Without a second of hesitation, my brother and I stripped down to our swimsuits and ran into the water – instant bliss. It was one of those moments of pure and utter happiness, of no worries and no extraneous thoughts, of full presence and appreciation. It was a moment I will never forget.


Port d'En Vau
Port d'En Vau

We swam and floated and dove and frolicked until the freshness of the April sea gave us goose bumps. We stayed at the beach for about three hours – eating our sandwiches, basking in the sun, watching families and hikers splash in the water, and getting totally sunburnt (don't forget to bring sunscreen like we did!) Eventually, the small beach became very crowded (I definitely recommend getting there on the earlier side) and our skin began to sting (I also definitely recommend sun protection), so we packed up, kissed the sea goodbye, and prepared ourselves for the intense trek back.

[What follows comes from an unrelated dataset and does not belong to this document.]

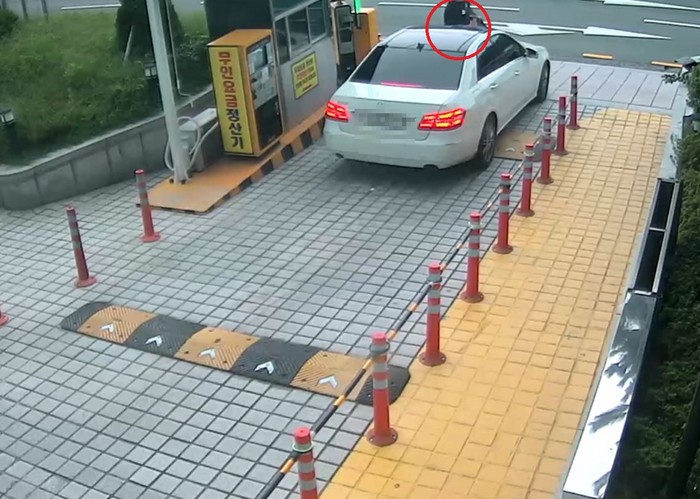 ▲피의자 A씨가 주차장 입구서 출차하는 차량에 뛰어드는 모습.(부산경찰청 제공) |

Remember that trail I talked about earlier where you have to jump down rocks and slide down the mountainside? Yeah, well, turns out you have to hike back up that too. We reached the foot of the trail, looked up, and saw a string of hikers cascading down the mountain on their pilgrimage to the infamous Port d'En Vau. In this moment, my brother and I gave each other a look that said both "Gee, I'm glad we got there early" and "It's going to be a tough journey back." But as they say, onward and upward!


We pushed hands against knees to propel forward and spotted each other when climbing up slippery limestone. The hoards of people coming down the mountain were something interesting to watch, a distraction from the difficult uphill climb. We saw a barefoot woman in a long flowing dress, holding her flowing hair back and clutching her heeled wedges as she carefully tiptoed down the mountainside. Shortly after her followed a man in a wide brim sunhat carrying a beach umbrella and a cooler. Nick turned to me and said, "That dude's going to give the scariest piggy back ride of his life on the way back up." I chuckled, thinking that was probably true, but I was proud of that lady for getting somewhere and making it happen – even if she didn't have the proper hiking equipment. After a good forty minutes of pulling ourselves up rock faces and jumping from ledge to ledge, we finally made it back to the top. We both decided that in the end it wasn't even that bad! So do it, definitely do it. The hike down and up to the last calanque is more than worth it!


View from Blue Trail
View from Blue Trail

At the top, rather than crossing back to the red and white trail, we went right on the scenic blue trail. I highly recommend taking the blue trail on the way back because it leads you to a lookout point where you can see Port d'En Vau from above – and see just how far you've come. It is both stunning and rewarding. The blue trail follows the coast the entire time, so you are never without a glistening blue view. It was truly lovely. Once you reach Port Pin, the blue trail ends and the rest of the hike back is on the red and white trail.


View of Port d'En Vau from Blue Trail
View of Port d'En Vau from Blue Trail

I must admit, by this time Nick and I were feeling a bit hungry, a bit thirsty, and more than a bit sunburnt, so our main priority was making it back to town for shade and sustenance. We trekked on full speed ahead and eventually returned to the Cassis harbor at around 4:30 PM. So yes, it is an all day journey – but it is the best all day journey to do!


Before heading back to our hotel and taking cold showers, we stopped to enjoy a chilled smoothie and laugh about our adventures. That day spent outside, under the sun, and hiking the calanques was one of my favorite days of my whole year abroad, and I've had so many amazing days. That being said, if you are ever in Cassis, I beg you – no, I implore you – to hike to the three calanques. It is the adventure of a lifetime!